🤖 AI Summary
Existing mobile accessibility auditing tools rely on static analysis or shallow contextual heuristics, limiting their ability to detect functional interaction errors—such as label-function mismatches, navigational disorientation, and missing feedback. This paper introduces TaskAudit, the first task-agent-based dynamic detection framework for functional accessibility flaws. It synthesizes user tasks via large language models, executes them using screen-reader-driven agents, and analyzes interaction traces to uncover deep-seated functional defects. Evaluated on 54 real-world app screens, TaskAudit identified 48 previously undetected functional accessibility issues—substantially outperforming conventional tools, which detected only 4–20 errors per app. By pioneering task-oriented interactive simulation in accessibility evaluation, this work establishes a novel methodology and provides a practical, scalable tool for mobile accessibility testing.
📝 Abstract
Accessibility checkers are tools in support of accessible app development and their use is encouraged by accessibility best practices. However, most current checkers evaluate static or mechanically-generated contexts, failing to capture common accessibility errors impacting mobile app functionality.

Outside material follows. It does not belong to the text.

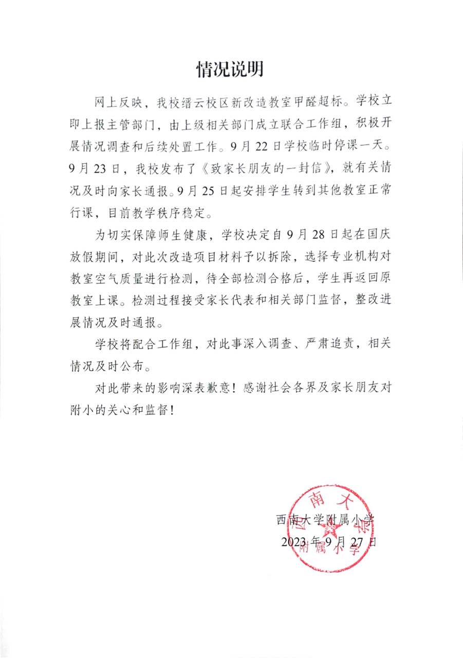 西南大學附屬小學縉云校區新改造教室甲醛超標,停課,拆除材料,嚴肅追責

We present TaskAudit, an accessibility evaluation system that focuses on detecting functiona11ity errors through simulated interactions. TaskAudit comprises three components: a Task Generator that constructs interactive tasks from app screens, a Task Executor that uses agents with a screen reader proxy to perform these tasks, and an Accessibility Analyzer that detects and reports accessibility errors by examining interaction traces. Evaluation on real-world apps shows that our strategy detects 48 functiona11ity errors from 54 app screens, compared to between 4 and 20 with existing checkers. Our analysis demonstrates common error patterns that TaskAudit can detect in addition to prior work, including label-functionality mismatch, cluttered navigation, and inappropriate feedback.